With the information of the archaeological traces that the jungle kept, scholars of the pre-Hispanic cultures arrived. As archaeological explorations increased, new settlers arrived. In the 1930s, the first families of Tseltal and Chol peasants arrived to open a habitable space in the inhospitable jungle. From 1950 until the early 1980s, groups from all regions of Mexico appeared in search of "a land to sow dreams", as Frans Blom called it.

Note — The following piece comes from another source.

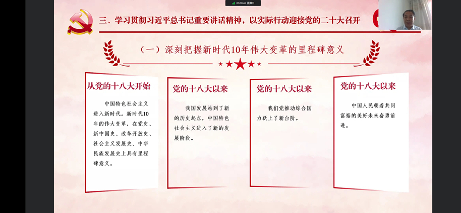 张志昌强调,党的二十大即将于10月份召开,这是在进入全面建设社会主义现代化国家新征程的关键时刻召开的一次十分重要的大会,将科学谋划未来5年乃至更长时期党和国家事业发展的目标任务和大政方针,事关党和国家事业继往开来,事关中国特色社会主义前途命运,事关中华民族伟大复兴。作为青年学生,一是要坚定理想信念,主动“扣好人生的第一粒扣子”,自觉做社会主义核心价值观的坚定信仰者、积极传播者、模范践行者,坚决听党指挥跟党走,把对党忠诚、对人民的热爱始终牢记在心中、落实到行动中。二是要强化理论武装,及时跟进学习,始终在政治立场、政治方向、政治原则、政治道路上同以习近平同志为核心的党中央保持高度一致,坚定不移沿着习近平总书记指引的道路奋勇前进。三是要增强实践本领,坚持学以致用,积极参加创新创业实践,拓宽学习领域、优化知识结构,培养创新意识、提高创新能力。

With the growing population and uncontrolled logging, another stage in the conquest of El Desierto de La Soledad began, but this time with excessive depredation. Current data indicate that more than 70 percent of the immense territory that made up the jungle at the beginning of the 20th century has been destroyed up to the second decade of the 21st. Extensive swaths once populated by ancient trees and animal life have been transformed into pastures for extensive cattle ranching and oil palm plantations. On the other hand, the growth of the not-so-new populations demands more land for corn and other crops using the old slash-and-burn system.

These situations have turned much of El Desierto de La Soledad into a land of desolation, with high levels of poverty and social conflicts over control and exploitation of the forest. It is also threatened by drug trafficking, deforestation, poaching, overfishing, looting of ruins and illegal extraction of flora and fauna.

In this bleak panorama, local groups, non-governmental organizations and some official institutions are working in hope. All are making efforts to recover the devastated territory. Although their efforts express the will of a part of society to preserve nature, it is urgent to recognize that the responsibility to achieve this is global. No matter where we live, humanity is at risk due to the loss of forests and jungles. The Earth is ours and so is the task of conserving it, even if we deny it from the comfort of consumerist life.

For centuries the Maya built cities in the jungle and then abandoned them. Humans of our time, by populating the jungle, are reaching that destination in only 70 years. We repeat history and leap into the void. The Desierto de La Soledad has survived despite the destruction. If it disappears, it will re-emerge, but perhaps without us.